» **ASSIGNMENT**: Print the lines below word for word, beginning with the first and ending with the line that holds "Templates -> Visual", and skip every picture.

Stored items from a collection
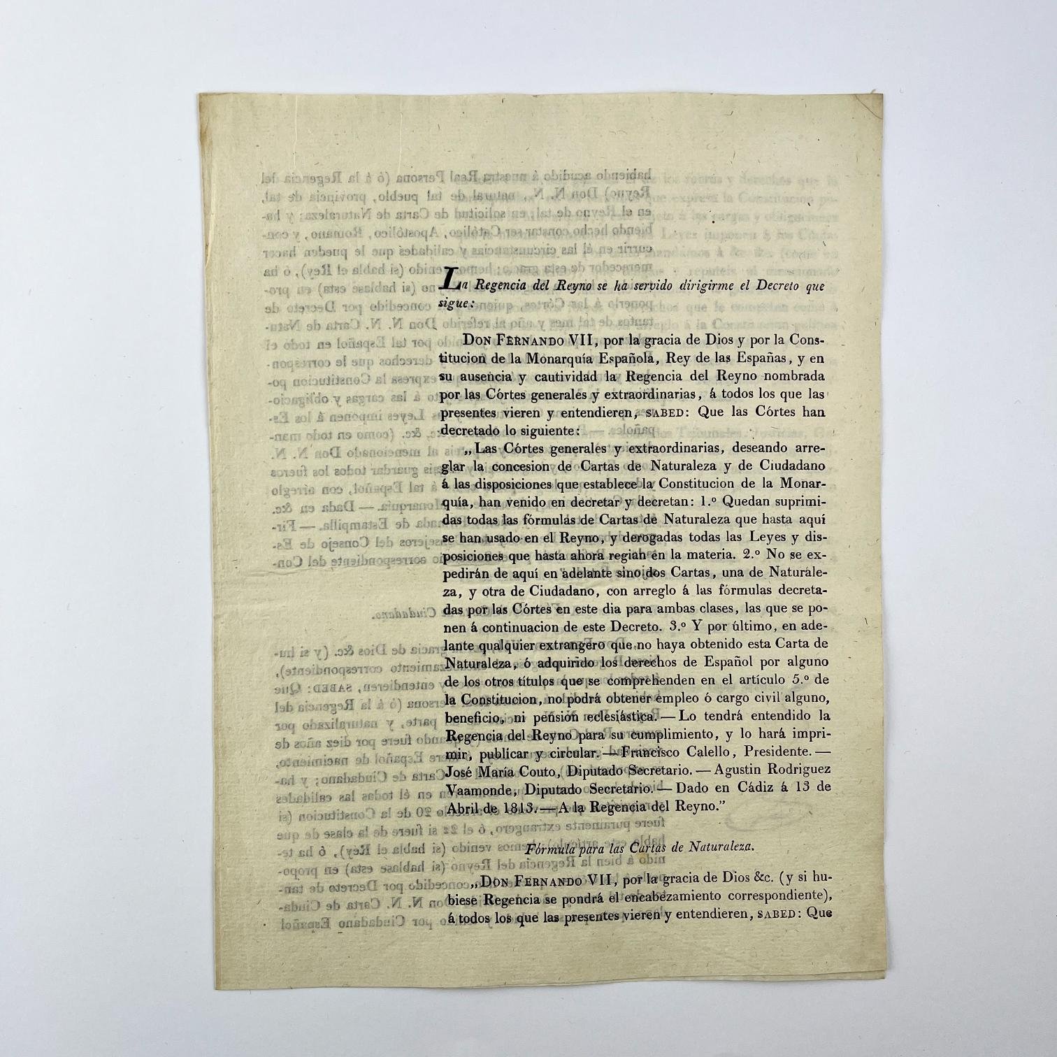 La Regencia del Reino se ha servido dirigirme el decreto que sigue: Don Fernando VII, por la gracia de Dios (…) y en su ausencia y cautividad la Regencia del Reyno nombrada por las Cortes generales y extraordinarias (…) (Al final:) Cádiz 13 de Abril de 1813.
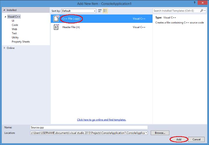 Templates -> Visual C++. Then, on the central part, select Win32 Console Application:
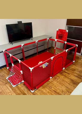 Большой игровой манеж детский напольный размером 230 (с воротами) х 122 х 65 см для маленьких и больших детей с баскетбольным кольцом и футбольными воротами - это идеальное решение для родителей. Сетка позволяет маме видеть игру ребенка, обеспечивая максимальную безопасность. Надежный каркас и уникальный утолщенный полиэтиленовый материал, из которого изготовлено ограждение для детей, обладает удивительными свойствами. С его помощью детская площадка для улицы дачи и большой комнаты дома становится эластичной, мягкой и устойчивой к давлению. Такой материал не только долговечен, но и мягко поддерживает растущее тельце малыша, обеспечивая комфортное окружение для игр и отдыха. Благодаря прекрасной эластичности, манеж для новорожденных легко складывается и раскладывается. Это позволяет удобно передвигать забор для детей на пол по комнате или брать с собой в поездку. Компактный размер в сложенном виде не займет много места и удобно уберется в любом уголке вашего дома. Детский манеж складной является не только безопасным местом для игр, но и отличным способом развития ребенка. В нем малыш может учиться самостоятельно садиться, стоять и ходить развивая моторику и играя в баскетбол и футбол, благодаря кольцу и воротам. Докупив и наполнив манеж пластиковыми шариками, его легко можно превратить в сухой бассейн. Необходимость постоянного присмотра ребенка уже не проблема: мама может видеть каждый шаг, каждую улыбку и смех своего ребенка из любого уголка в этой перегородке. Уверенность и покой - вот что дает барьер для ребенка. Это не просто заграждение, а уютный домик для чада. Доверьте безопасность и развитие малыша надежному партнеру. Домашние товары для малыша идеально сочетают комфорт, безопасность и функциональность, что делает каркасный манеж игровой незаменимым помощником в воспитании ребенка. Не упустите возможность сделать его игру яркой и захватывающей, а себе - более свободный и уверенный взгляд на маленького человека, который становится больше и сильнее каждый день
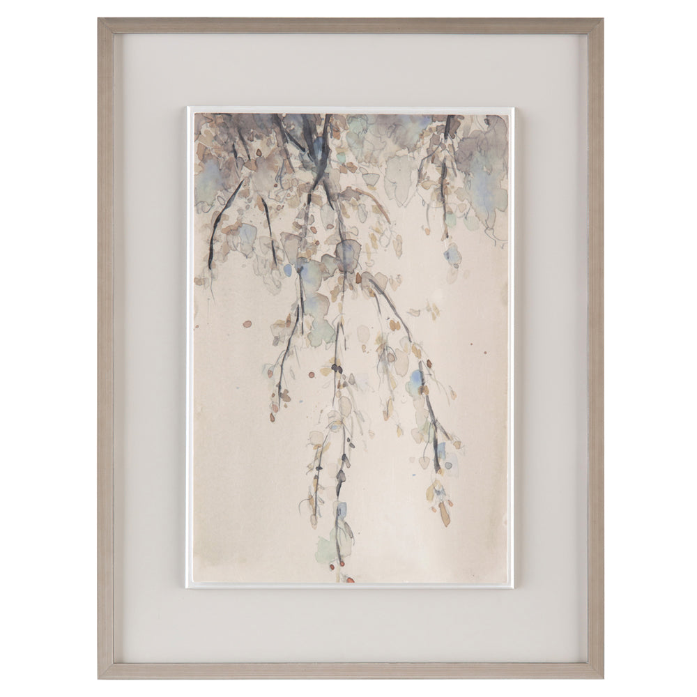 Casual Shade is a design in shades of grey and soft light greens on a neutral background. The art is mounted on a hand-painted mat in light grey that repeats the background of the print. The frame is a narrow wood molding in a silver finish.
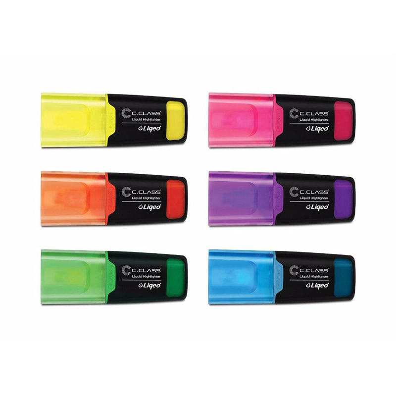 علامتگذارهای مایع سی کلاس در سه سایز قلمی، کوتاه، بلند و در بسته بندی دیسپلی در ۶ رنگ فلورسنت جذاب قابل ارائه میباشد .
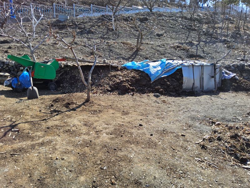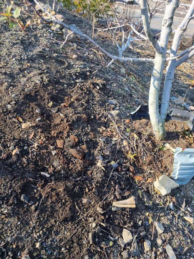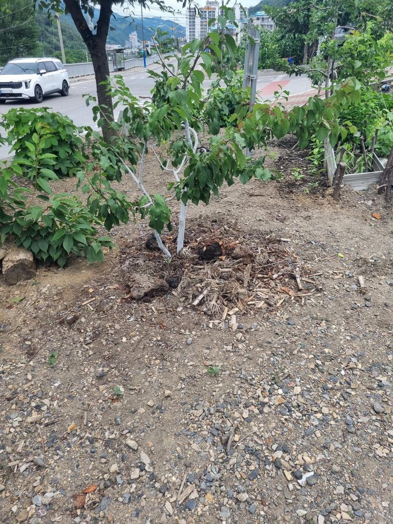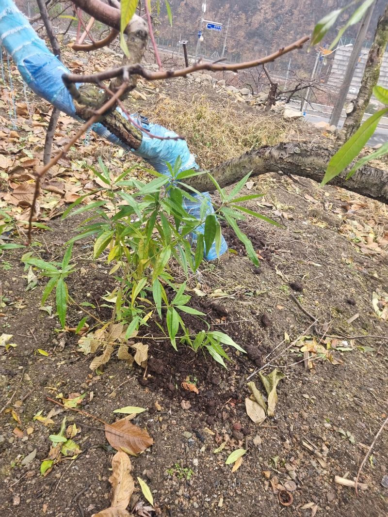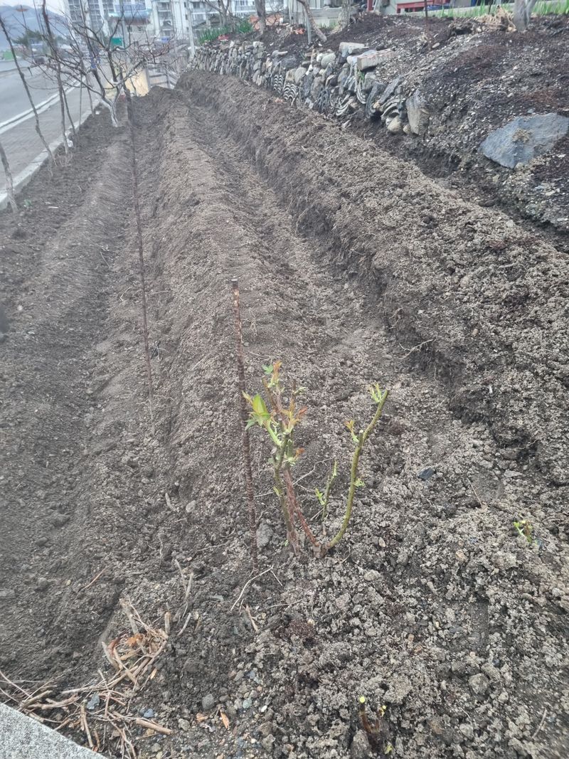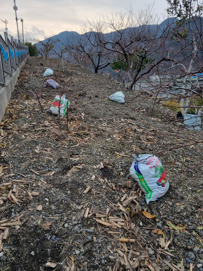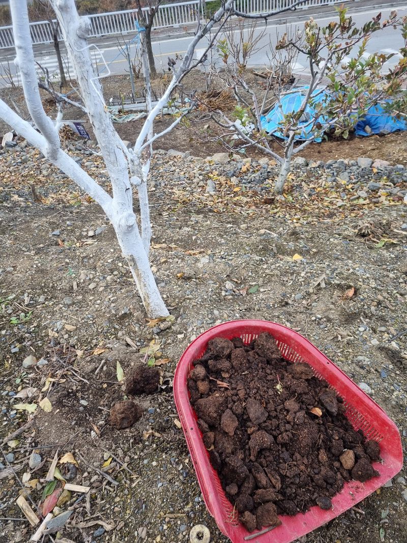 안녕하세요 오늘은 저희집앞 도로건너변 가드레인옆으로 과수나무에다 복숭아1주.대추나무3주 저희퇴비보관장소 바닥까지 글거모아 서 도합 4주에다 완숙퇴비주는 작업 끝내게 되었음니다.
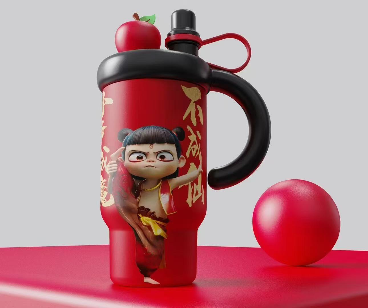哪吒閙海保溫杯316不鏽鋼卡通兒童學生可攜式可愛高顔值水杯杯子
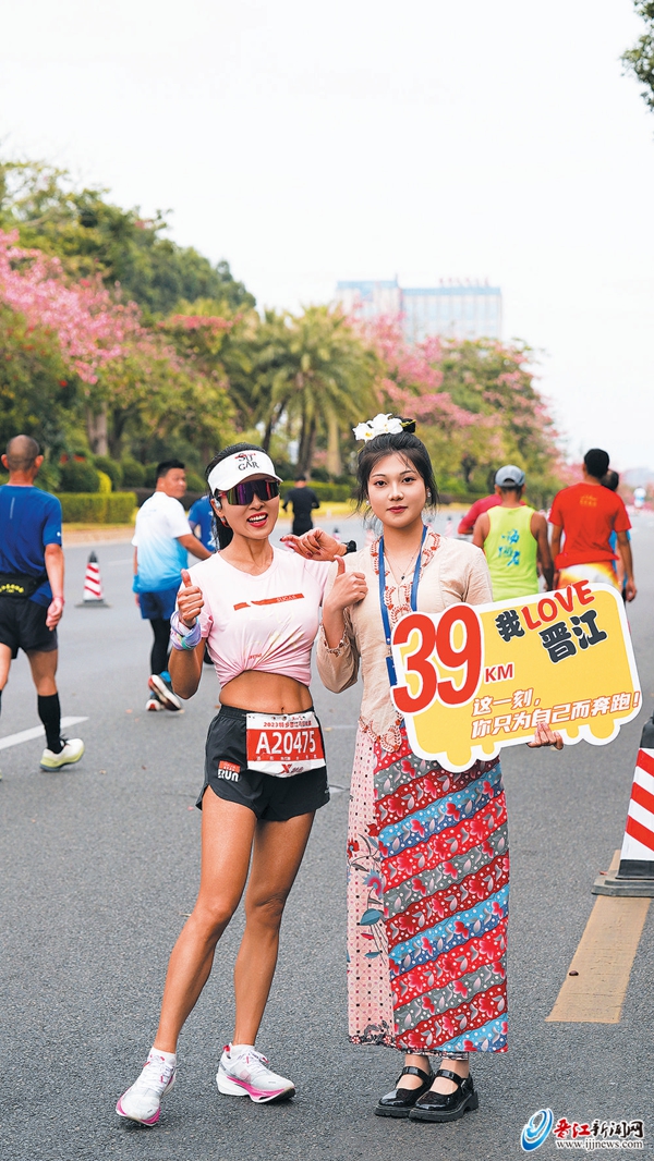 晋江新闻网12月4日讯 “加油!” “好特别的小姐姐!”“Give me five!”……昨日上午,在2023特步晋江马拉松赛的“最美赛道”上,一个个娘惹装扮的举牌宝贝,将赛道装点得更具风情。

» **SOLUTION FOR THIS PROBLEM**:
 La Regencia del Reino se ha servido dirigirme el decreto que sigue: Don Fernando VII, por la gracia de Dios (…) y en su ausencia y cautividad la Regencia del Reyno nombrada por las Cortes generales y extraordinarias (…) (Al final:) Cádiz 13 de Abril de 1813.
 Templates -> Visual C++. Then, on the central part, select Win32 Console Application:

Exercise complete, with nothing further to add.